[Instructions for the task] Everything from the line containing "優美なレースの模様と、金属のやわらかなきらめきが合わさったアクセサリーは、" through the line containing "いつも通い慣れたレイカディア" in the listing below should be copied exactly, and nothing more.
START Records for this task
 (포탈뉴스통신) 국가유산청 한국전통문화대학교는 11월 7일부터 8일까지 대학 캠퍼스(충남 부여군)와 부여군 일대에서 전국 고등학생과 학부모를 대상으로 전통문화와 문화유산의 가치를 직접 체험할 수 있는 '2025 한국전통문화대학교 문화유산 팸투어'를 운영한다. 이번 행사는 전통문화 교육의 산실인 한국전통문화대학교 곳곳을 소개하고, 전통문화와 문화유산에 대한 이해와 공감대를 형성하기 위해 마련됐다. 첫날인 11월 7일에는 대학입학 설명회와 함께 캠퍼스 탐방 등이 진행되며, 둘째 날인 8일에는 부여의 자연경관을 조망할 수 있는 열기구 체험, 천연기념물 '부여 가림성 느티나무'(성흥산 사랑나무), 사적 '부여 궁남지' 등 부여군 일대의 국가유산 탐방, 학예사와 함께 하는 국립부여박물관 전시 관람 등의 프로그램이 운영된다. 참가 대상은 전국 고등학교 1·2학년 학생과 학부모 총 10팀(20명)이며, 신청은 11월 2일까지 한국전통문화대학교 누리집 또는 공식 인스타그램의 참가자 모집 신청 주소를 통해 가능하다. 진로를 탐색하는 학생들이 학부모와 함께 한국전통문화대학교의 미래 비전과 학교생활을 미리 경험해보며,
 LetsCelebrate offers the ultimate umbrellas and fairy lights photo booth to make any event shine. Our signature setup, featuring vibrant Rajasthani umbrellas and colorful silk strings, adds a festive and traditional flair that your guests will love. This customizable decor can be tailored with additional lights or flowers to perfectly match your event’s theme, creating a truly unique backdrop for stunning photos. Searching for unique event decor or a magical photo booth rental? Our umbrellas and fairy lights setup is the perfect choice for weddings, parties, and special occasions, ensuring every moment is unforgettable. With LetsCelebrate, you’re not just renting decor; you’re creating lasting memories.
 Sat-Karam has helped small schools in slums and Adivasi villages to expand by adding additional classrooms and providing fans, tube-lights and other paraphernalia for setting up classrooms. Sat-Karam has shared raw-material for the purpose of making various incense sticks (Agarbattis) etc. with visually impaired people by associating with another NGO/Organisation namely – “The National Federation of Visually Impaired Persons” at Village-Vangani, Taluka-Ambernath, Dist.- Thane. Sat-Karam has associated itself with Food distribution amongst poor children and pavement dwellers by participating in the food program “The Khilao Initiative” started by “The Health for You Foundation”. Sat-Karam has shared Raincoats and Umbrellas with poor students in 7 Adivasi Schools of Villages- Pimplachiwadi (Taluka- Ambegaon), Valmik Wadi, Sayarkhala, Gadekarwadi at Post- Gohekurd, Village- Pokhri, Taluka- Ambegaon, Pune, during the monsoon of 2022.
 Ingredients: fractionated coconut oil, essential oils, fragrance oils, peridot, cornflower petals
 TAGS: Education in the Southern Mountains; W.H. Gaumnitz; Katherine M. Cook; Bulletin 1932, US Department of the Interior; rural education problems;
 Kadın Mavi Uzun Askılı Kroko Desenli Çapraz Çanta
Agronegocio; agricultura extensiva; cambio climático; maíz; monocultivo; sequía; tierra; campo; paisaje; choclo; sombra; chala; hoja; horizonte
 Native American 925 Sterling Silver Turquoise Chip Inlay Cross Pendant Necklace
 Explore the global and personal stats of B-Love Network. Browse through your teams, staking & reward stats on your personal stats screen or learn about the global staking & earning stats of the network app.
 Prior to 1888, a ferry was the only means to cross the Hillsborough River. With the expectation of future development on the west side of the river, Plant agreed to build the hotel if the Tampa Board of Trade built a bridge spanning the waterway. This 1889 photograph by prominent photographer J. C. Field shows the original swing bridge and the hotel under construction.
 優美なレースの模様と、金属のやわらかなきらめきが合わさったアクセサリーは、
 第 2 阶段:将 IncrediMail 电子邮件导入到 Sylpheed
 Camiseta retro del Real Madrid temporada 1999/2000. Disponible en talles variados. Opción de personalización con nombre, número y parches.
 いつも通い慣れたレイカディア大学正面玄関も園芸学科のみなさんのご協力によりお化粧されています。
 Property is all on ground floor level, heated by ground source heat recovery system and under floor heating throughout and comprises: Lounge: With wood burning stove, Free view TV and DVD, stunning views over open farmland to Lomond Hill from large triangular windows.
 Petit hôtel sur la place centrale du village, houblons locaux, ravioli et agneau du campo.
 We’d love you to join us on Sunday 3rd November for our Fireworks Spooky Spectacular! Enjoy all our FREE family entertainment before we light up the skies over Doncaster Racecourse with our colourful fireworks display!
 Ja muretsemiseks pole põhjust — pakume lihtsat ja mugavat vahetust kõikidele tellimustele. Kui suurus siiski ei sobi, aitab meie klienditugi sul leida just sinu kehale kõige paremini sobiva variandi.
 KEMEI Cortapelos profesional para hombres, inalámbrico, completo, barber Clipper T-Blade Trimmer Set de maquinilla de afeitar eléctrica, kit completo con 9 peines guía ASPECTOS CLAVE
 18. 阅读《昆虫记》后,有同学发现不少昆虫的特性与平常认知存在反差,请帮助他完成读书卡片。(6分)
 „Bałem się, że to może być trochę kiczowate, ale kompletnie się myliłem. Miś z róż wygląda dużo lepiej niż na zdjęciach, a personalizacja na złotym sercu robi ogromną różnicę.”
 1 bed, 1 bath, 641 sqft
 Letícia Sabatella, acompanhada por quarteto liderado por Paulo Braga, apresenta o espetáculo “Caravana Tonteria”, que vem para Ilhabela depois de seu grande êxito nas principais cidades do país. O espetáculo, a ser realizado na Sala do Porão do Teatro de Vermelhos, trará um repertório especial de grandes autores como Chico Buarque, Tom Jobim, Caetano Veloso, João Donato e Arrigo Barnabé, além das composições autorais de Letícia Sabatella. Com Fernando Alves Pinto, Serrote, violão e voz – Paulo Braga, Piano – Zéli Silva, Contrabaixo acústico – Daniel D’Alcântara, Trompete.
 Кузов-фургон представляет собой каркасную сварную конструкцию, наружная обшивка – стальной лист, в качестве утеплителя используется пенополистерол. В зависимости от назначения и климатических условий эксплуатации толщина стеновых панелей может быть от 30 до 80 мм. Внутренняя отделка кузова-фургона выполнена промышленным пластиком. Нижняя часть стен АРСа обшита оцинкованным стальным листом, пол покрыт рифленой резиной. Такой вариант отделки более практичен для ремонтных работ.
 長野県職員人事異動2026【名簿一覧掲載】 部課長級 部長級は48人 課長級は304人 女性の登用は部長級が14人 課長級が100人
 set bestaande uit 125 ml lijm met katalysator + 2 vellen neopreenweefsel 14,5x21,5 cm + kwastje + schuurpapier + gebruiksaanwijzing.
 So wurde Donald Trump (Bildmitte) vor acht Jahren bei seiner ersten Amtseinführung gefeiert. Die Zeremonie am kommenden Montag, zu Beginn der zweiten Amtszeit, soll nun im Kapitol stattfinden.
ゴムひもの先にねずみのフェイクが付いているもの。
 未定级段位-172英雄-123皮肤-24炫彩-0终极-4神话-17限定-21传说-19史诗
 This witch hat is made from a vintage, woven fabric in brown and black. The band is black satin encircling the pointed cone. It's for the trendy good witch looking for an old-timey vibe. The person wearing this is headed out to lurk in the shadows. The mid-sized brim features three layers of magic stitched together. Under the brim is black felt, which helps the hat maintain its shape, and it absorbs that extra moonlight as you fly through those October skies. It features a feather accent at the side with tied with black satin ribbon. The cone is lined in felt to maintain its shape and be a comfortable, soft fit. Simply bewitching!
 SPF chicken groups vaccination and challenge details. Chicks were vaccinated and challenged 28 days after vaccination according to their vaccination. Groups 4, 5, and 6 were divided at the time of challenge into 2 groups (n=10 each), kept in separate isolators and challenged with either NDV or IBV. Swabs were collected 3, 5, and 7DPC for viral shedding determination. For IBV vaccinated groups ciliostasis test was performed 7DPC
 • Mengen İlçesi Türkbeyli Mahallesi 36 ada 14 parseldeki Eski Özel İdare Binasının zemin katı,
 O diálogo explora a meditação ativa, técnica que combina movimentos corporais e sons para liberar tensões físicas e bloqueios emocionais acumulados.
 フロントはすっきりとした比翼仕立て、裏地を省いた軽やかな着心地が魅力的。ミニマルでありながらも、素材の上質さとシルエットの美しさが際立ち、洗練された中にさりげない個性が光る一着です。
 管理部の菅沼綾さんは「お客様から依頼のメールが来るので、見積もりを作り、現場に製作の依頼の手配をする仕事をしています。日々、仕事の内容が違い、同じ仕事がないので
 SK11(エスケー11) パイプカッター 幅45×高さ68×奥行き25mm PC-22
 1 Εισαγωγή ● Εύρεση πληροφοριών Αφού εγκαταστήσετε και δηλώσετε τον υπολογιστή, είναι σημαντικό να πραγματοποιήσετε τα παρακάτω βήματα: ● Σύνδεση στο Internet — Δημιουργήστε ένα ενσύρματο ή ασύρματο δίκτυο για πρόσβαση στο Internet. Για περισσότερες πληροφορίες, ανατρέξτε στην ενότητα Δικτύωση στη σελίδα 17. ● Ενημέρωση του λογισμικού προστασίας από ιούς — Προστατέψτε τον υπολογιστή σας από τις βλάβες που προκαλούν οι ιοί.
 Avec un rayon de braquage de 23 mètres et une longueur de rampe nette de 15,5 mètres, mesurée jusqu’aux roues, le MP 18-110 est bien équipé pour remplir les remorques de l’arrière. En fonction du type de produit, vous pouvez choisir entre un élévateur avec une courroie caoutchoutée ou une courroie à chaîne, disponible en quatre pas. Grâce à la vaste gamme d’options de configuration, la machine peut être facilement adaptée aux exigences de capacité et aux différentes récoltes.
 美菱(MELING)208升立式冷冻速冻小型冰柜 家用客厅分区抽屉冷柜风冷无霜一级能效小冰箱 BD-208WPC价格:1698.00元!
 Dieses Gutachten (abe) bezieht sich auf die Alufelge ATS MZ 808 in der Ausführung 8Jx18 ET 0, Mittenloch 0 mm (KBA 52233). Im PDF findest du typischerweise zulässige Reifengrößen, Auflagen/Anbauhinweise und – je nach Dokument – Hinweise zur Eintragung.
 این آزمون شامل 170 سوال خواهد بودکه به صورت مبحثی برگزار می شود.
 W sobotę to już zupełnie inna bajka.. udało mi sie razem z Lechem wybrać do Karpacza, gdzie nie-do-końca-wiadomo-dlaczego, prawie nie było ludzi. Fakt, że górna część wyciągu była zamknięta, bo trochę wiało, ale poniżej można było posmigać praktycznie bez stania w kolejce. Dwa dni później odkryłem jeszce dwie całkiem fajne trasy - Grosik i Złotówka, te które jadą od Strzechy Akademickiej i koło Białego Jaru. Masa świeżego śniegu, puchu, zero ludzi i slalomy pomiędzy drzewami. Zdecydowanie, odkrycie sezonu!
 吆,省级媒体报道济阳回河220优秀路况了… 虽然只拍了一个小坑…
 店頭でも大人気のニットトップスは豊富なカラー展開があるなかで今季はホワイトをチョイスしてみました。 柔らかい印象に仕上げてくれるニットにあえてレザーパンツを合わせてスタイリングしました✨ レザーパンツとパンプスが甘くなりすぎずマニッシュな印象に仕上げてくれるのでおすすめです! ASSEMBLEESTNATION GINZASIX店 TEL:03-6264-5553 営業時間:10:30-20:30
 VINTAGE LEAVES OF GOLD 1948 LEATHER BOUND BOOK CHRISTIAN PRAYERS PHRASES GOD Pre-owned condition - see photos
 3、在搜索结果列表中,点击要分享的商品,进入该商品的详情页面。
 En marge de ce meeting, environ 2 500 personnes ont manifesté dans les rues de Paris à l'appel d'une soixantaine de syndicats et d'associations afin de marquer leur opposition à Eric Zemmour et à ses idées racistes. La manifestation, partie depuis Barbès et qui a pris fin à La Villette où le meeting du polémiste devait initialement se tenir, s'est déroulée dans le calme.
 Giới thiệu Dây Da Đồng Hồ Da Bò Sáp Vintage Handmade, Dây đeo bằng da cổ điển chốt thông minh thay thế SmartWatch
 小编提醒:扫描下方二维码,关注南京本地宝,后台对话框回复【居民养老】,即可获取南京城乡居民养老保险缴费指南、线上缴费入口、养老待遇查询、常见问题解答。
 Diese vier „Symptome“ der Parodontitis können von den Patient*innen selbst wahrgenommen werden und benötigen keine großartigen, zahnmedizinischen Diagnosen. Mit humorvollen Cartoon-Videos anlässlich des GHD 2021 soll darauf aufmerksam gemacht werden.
END Records for this task
[Reply to the task]
 優美なレースの模様と、金属のやわらかなきらめきが合わさったアクセサリーは、
 第 2 阶段:将 IncrediMail 电子邮件导入到 Sylpheed
 Camiseta retro del Real Madrid temporada 1999/2000. Disponible en talles variados. Opción de personalización con nombre, número y parches.
 いつも通い慣れたレイカディア大学正面玄関も園芸学科のみなさんのご協力によりお化粧されています。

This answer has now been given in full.